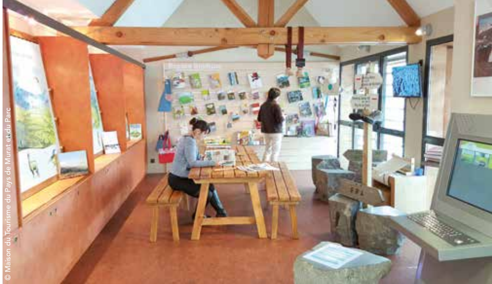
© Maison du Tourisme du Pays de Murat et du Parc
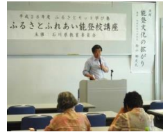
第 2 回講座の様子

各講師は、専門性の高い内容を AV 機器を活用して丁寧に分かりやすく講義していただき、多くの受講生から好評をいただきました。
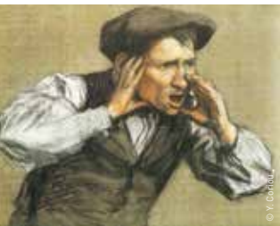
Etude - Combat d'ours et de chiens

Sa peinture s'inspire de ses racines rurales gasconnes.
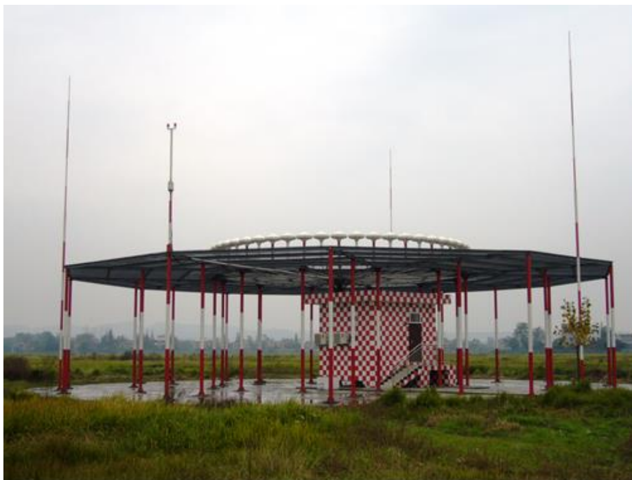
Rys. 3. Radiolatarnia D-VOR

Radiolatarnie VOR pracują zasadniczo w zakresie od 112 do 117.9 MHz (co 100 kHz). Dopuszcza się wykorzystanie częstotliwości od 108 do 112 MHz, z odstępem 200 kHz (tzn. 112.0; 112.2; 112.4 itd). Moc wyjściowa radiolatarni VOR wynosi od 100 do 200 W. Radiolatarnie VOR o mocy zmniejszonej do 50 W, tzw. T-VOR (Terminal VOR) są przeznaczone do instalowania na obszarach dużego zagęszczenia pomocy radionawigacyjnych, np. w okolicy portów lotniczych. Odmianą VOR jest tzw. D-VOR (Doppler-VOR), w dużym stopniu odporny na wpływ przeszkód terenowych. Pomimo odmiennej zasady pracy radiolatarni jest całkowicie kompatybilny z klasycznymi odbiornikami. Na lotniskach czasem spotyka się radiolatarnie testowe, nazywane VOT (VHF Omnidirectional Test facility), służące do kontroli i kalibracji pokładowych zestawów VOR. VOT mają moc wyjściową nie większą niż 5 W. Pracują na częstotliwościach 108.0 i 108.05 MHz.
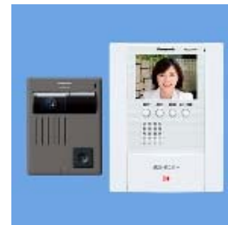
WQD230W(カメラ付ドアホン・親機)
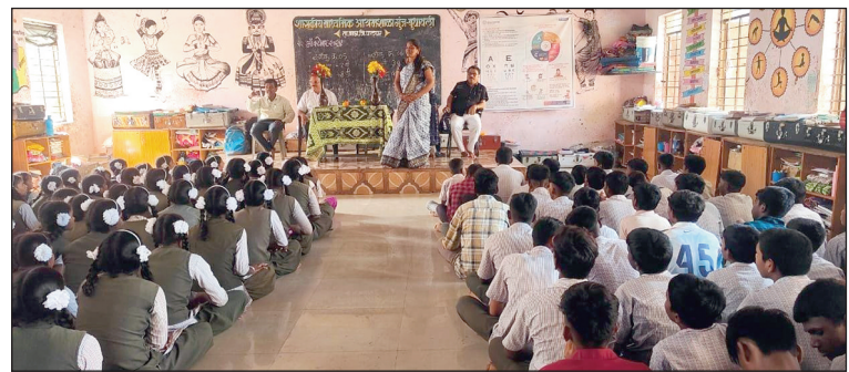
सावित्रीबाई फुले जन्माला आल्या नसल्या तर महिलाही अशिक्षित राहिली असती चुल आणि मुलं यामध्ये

* * *

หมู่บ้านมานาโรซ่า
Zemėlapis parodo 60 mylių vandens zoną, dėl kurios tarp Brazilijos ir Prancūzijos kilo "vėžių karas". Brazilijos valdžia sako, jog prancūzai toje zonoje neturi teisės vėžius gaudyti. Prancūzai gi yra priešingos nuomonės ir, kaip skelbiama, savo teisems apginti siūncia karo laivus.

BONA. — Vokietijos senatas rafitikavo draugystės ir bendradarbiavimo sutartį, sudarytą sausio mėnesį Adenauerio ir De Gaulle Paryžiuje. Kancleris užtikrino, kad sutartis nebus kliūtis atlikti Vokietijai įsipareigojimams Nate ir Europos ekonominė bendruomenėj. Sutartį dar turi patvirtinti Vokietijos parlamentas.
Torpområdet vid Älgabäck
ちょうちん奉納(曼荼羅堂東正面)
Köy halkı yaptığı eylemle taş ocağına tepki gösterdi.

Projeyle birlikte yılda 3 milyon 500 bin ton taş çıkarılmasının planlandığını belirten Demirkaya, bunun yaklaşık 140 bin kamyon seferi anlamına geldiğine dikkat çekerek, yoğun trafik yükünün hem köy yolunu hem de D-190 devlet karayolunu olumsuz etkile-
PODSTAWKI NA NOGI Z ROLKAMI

* * *

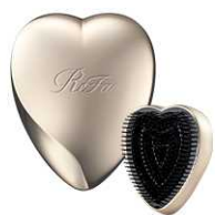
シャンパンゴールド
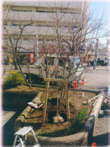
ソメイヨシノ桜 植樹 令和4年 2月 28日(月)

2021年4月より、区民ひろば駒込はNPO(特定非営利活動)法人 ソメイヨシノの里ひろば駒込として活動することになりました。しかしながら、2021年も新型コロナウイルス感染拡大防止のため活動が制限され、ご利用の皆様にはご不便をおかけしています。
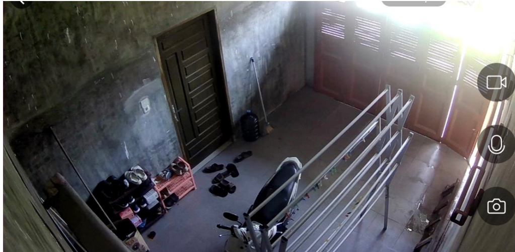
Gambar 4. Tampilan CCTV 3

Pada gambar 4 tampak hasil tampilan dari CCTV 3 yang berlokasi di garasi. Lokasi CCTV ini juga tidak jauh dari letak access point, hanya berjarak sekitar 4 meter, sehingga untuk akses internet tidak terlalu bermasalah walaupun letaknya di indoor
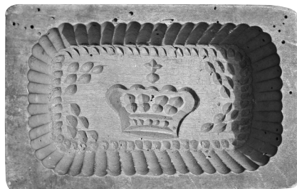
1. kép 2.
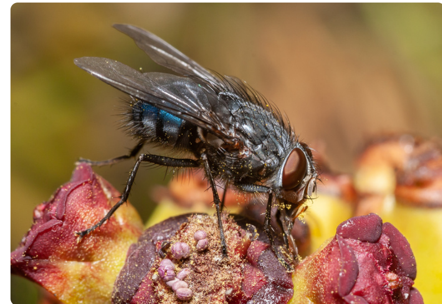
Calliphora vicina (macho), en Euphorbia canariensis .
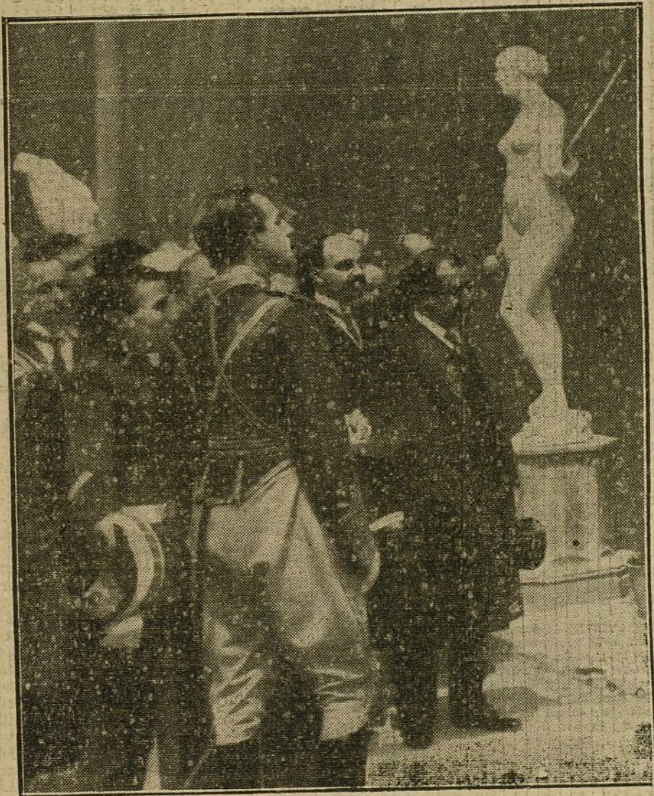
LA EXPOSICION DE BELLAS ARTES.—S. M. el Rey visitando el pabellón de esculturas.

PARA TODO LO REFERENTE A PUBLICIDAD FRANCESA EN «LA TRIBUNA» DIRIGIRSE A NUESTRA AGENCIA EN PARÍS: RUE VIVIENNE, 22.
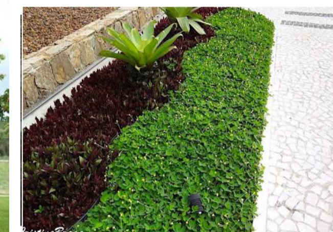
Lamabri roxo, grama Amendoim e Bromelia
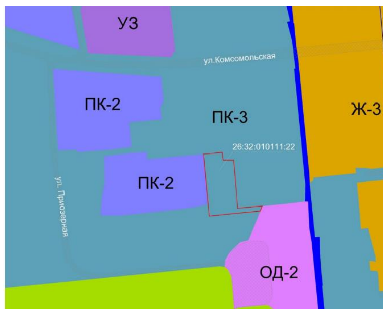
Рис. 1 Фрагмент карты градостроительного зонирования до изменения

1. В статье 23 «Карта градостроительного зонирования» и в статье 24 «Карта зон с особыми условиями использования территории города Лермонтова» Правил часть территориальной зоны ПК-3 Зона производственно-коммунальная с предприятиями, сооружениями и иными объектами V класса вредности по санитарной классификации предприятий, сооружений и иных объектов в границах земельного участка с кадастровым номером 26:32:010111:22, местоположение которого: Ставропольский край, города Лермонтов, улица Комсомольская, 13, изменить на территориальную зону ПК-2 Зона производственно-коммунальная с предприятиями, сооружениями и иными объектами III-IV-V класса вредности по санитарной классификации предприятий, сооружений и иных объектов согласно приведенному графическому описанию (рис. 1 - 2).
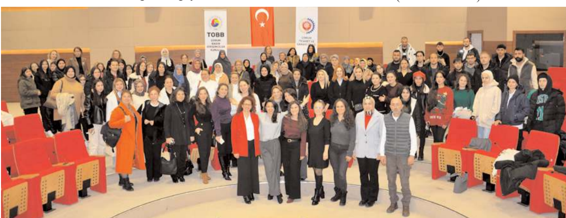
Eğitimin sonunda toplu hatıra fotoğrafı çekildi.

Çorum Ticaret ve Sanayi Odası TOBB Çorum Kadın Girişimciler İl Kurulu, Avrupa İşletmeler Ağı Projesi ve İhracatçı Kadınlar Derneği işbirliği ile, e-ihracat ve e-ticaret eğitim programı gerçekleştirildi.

→ Work item: With the first line being the one containing "Projeyle birlikte yılda" and the last line the one containing "PODSTAWKI NA NOGI Z ROLKAMI", transcribe exactly the lines above that fall in that range.

→ Task output:
Projeyle birlikte yılda 3 milyon 500 bin ton taş çıkarılmasının planlandığını belirten Demirkaya, bunun yaklaşık 140 bin kamyon seferi anlamına geldiğine dikkat çekerek, yoğun trafik yükünün hem köy yolunu hem de D-190 devlet karayolunu olumsuz etkile-
PODSTAWKI NA NOGI Z ROLKAMI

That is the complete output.